Despite my growing up with only my parents and one brother, I come from a large extended family. My past is filled from memories of Thanksgivings and Christmases and summer visits to my grandparents’ home—a home where all my aunts and uncles and cousins would gather in noisy groups—and in my dreams I still return to that mythical home where I gather once more with those people who were so important to who I am and who I became. Those sorts of dreams come also to my relatives in their sleep. This sense of home is definitely with us when we gather in other places, but we have never truly dreamed we could return to the house that cradled us and shaped us so.
That is we thought we could never return . . . until my cousin and her husband realized the dream of buying back the house that had passed from our family over 30 years ago.
After over a year of a whole lot of elbow grease, blood, sweat, tears, and money, the house is again the home of our dreams.

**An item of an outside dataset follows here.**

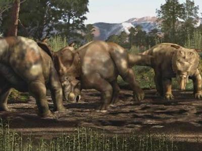 艺术家对Pachyrhinosaurus perotorum的渲染图显示了恐龙用头互相顶对方。 近日在...
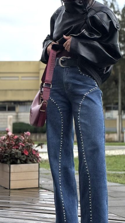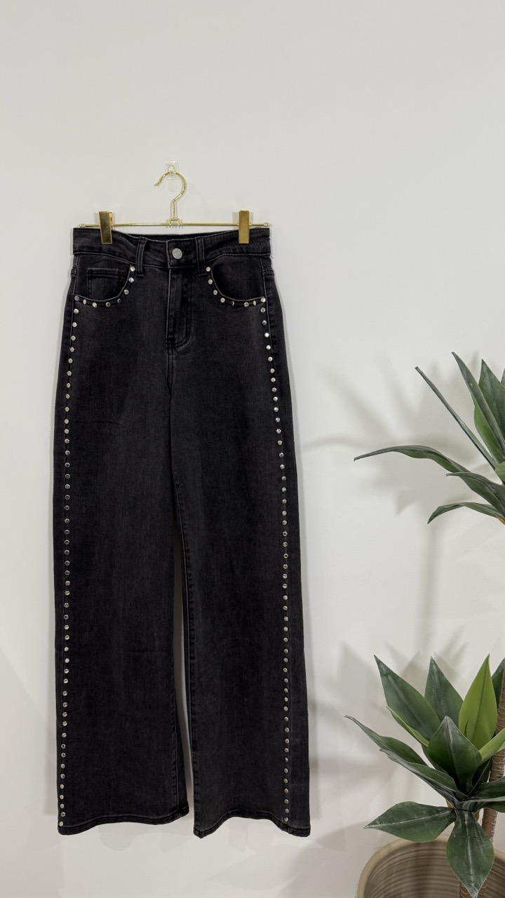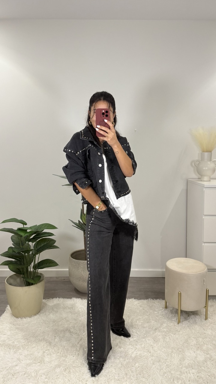 Calças de ganga cinzentas escuras, com aplicação de tachas prateadas na lateral e nos bolsos frontais. Têm elasticidade.

When my cousin called us home to our recent Christmas in July reunion, the house—and our ability to gather together in it—was a present like no other.
I would love to tell you that the dream realized was all twinkly lights and laughter and hugs and songs sung in perfect harmony and moments captured in picture perfect clarity. It was all that and more, and, yet, as in any family, sour notes remain: sibling discord, marriages dissolved, children who won’t sleep, favoritism, regrets, and disagreements over shared history. What’s past is not often past.

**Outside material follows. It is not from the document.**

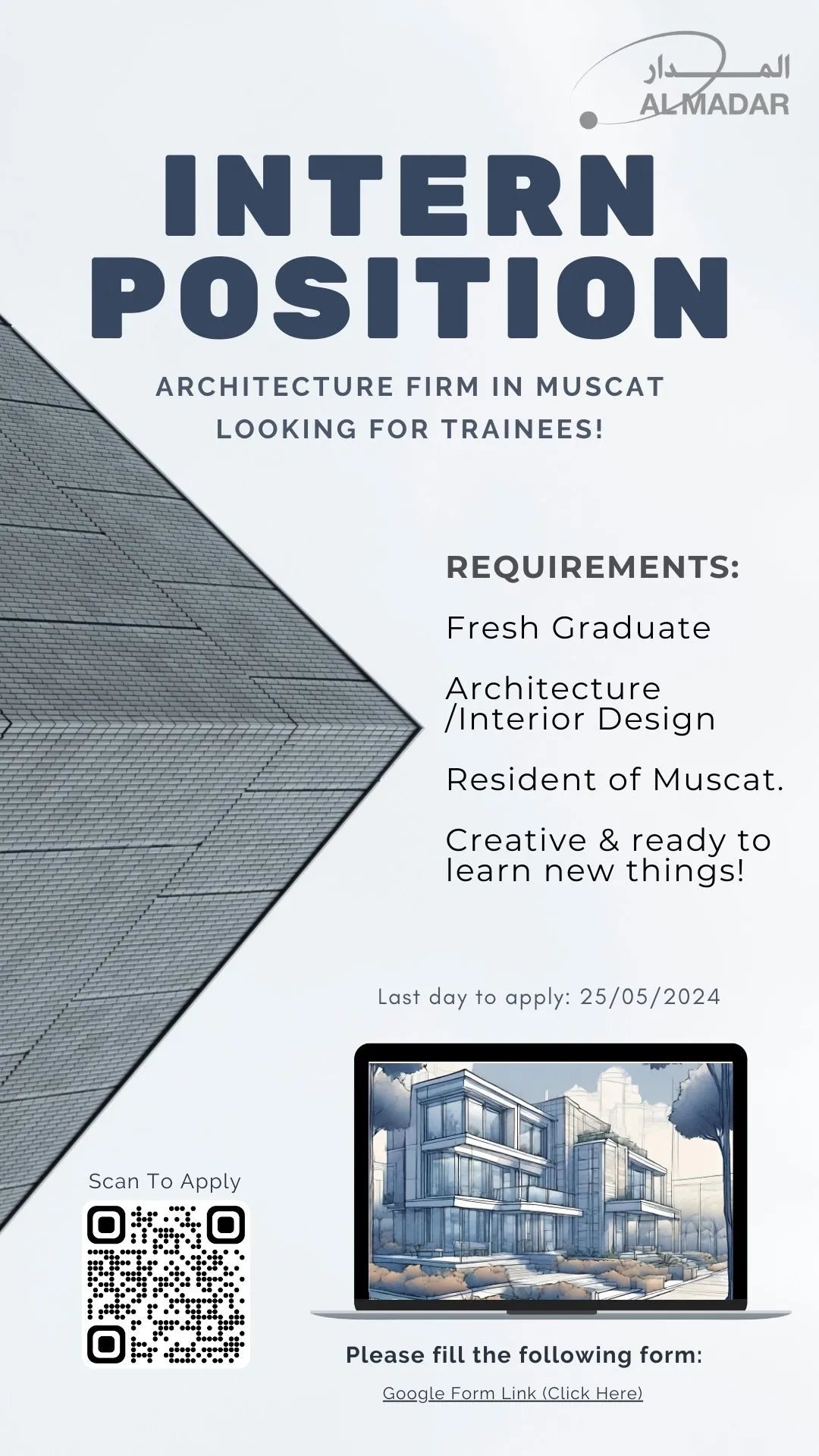 شركة المدار للاستشارات الهندسية - فرصة تدريب في مجال الهندسة المعمارية والتصميم الداخلي
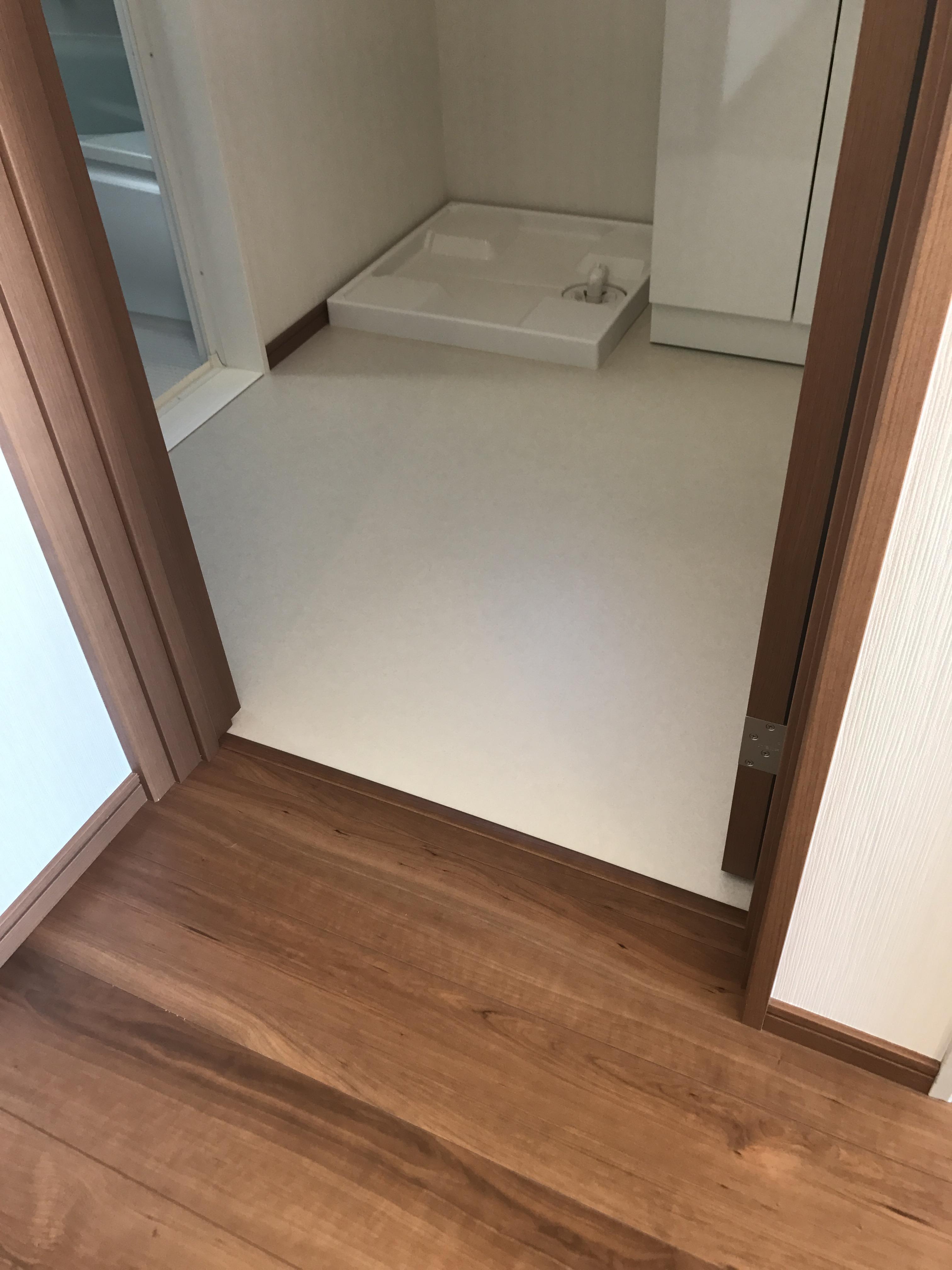 洗面台の大きさも今と同じの幅60cmです。 今主流の洗髪できるシャワー水栓仕様です。 収納量を少しでも増やすため、鏡は開閉式で収納できるタイプです。 洗濯機を置く洗濯機パンと洗濯機水栓も新調しました。 また、洗濯機前の窓サッシもペアガラス仕様に取り替えしています。 洗面室の暖房機も新設しました。 冬は暖房機として、夏は涼風の出る扇風機代わりとしてお使いいただけます。 廊下からは段差無しで出入り出来るように、バリアフリー仕様にしております。

The truth is I did leave swathed in a feeling not unlike the sunshine that streamed through the large windows or the peacefulness that came to me as I took in the bucolic views from those windows. I chose to feel the love—which is real and huge and something I know not everyone gets to feel in this life—and also chose to push away the cobwebs that lurked in the dark corners because I realize I am lucky enough that those cobwebs are only a small part of this thing called family in my life.
And, yet, my own home is also a microcosm of that larger family home. The love here is real and huge and something not everyone gets to experience. But sometimes the reality of who we are together and alone is simply too hard to bear. We forget that together we are the protection for one another from what happens outside our homes and instead project what others have done to us on those who love us most. And despite our best intentions, so often we cannot figure out how to be ourselves without hurting one another. In those moments our home becomes just another house.
The real dream of my grandparents’ house or my house or of any house will be that the house can be the peaceful space we can call home: that feeling that comes in those moments when family members forget or minimize any differences and just give into the love that binds us together.
Blest be the ties that bind our hearts and bring about fellowship of kindred minds—and remind us just why peace in our families—no matter how imperfect the peace or the family—is what really makes a house a home.